Post the Q4 results, the stock has fallen by around 7% and, in fact, hit a 52-week low on May 29, at Rs.1,080. Over the past one year, the stock has declined 23% compared with 16% for the Benchmark CNX Pharma index.

The negative sentiment and weakness around the stock seems to have opened a window of opportunity for the promoter to jack up his holding. For the first time in CY17, promoter entity Visiomed Investments acquired 88,000 shares, worth around Rs.10 crore, at an average price of Rs.1,135 a share. Following the acquisition, the entity increased its stake by 0.12 percentage points to 9.78% in Lupin. In FY17, overall promoter holding had marginally increased from 46.52% to 46.69%.

Among institutional holders, there has been a churn of sorts. Domestic mutual funds have increased their stake from 3.86% in FY16 to 5.39% in FY17, with ICICI Prudential AMC holding 1.14%. Foreign portfolio investors, on the other hand, have reduced their stake from 35.14% in FY16 to about 32% in FY17. The single largest FII holding is that of First State Investments ICVC, which owns 2.43%.

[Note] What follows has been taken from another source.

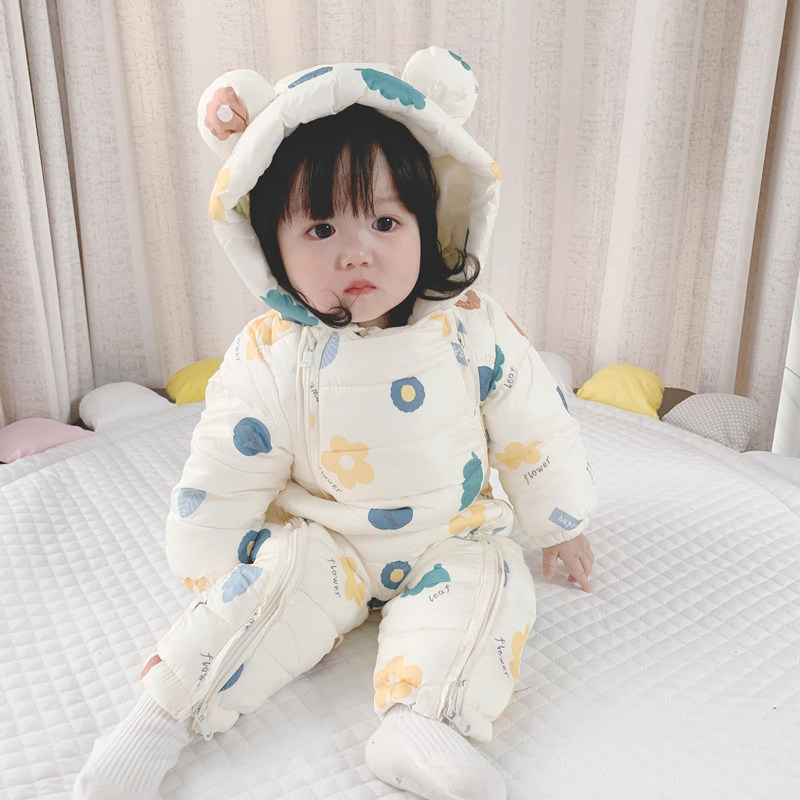 Зимняя детская милая стеганая толстовка с капюшоном, флисовое удерживающее тепло боди для девочек для выхода на улицу, в цветочек, увеличенная толщина
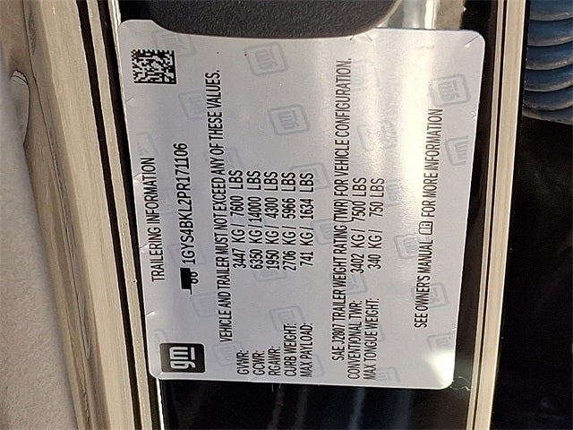 This Vehicle Includes the Following Options: Preferred Equipment Group 1SB (Adaptive Cruise Control, AKG Studio 19-Speaker Audio System, Automatic Seat Belt Tightening, Door Lock & Latch Shields, Enhanced Automatic Emergency Braking, Enhanced Automatic Parking Assist, Glass Breakage Sensor, Heated & Ventilated Driver & Front Passenger Seats, Lane Change Alert w/Side Blind Zone Alert, Mechanical Limited-Slip Differential, Power Panoramic Tilt-Sliding Sunroof, Rear Camera Mirror, Rear Camera Mirror Washer, Rear Cross Traffic Alert, Reconfigurable Full-Color Head-Up Display, Reverse Automatic Braking, Running Board Assist Steps, Theft-Deterrent Alarm System, Vehicle Inclination Sensor, and Vehicle Interior Movement Sensor), AWD, Black Leather, 16.9 Diagonal OLED Infotainment Screen, 19 Speakers, 2-Presets Memory For Driver Seat Adjuster, 3 Years of OnStar & Connected Services Plan, 3.23 Axle Ratio, 3rd row seats: split-bench, 4-Way Power Driver Lumbar Seat Adjuster, 4-Way Power Front Passenger Lumbar Seat Adjuster, 4-Wheel Disc Brakes, 8-Way Power Driver Seat Adjuster, 8-Way Power Front Passenger Seat Adjuster, ABS brakes, Air Conditioning, Alloy wheels, AM/FM radio: SiriusXM with 360L, Apple CarPlay/Android Auto, Audio memory, Auto High-beam Headlights, Auto tilt-away steering wheel, Auto-dimming door mirrors, Auto-dimming Rear-View mirror, Automatic temperature control, Brake assist, Bumpers: body-color, Compass, Delay-off headlights, Driver door bin, Driver vanity mirror, Dual front impact airbags, Dual front side impact airbags, Electronic Stability Control, Emergency communication system: OnStar and Cadillac connected services capable, Exterior Parking Camera Rear, Four wheel independent suspension, Front anti-roll bar, Front Bucket Seats, Front Center Armrest w/Storage, Front dual zone A/C, Front reading lights, Fully automatic headlights, Garage door transmitter, HD Radio, Heads-Up Display, Heated door mirrors, Heated Driver & Front Passenger Seats, Heated front seats, Heated rear seats, Heated steering wheel, Illuminated entry, Leather Seating Surfaces w/Mini-Chevron Perf Inserts, Low tire pressure warning, Memory seat, Navigation System, Not Equipped w/2nd Row Express-Up Window Control, Not Equipped w/4-Way Driver & Fr Pass Pwr Lumbar, Not Equipped w/Super Cruise, Not Equipped w/Super Cruise (00U), Occupant sensing airbag, Outside temperature display, Overhead airbag, Overhead console, Panic alarm, Passenger door bin, Passenger vanity mirror, Power door mirrors, Power driver seat, Power Liftgate, Power moonroof, Power passenger seat, Power steering, Power windows, Premium Smooth Ride Suspension, Radio data system, Radio: AM/FM w/Navigation, Rain sensing wipers, Rear air conditioning, Rear anti-roll bar, Rear reading lights, Rear window defroster, Rear window wiper, Remote keyless entry, Security system, SiriusXM w/360L, Speed control, Split folding rear seat, Spoiler, Steering wheel memory, Steering wheel mounted audio controls, Super Cruise, Tachometer, Teen Driver, Telescoping steering wheel, Tilt steering wheel, Traction control, Trip computer, Turn signal indicator mirrors, Variably intermittent wipers, Ventilated front seats, Voltmeter, Wheel Locks, Wheels: 22 14-Spoke Alloy w/Polished Finish, and Wireless Apple CarPlay/Wireless Android Auto.

Analysts reckon that if the firm is successful in making inroads into the branded and specialty market over the next few years, it will be able to stem the tide of pricing pressure in generics. But it doesn’t seem that a phenomenal performance is in store. For FY17, Lupin’s sales were up 24% to Rs.17,119 crore, while PAT rose by 13% to Rs.2,557 crore. However, in the current fiscal, sales are expected to grow at 8% and, over FY16-19, they are expected to clock a CAGR of 11%.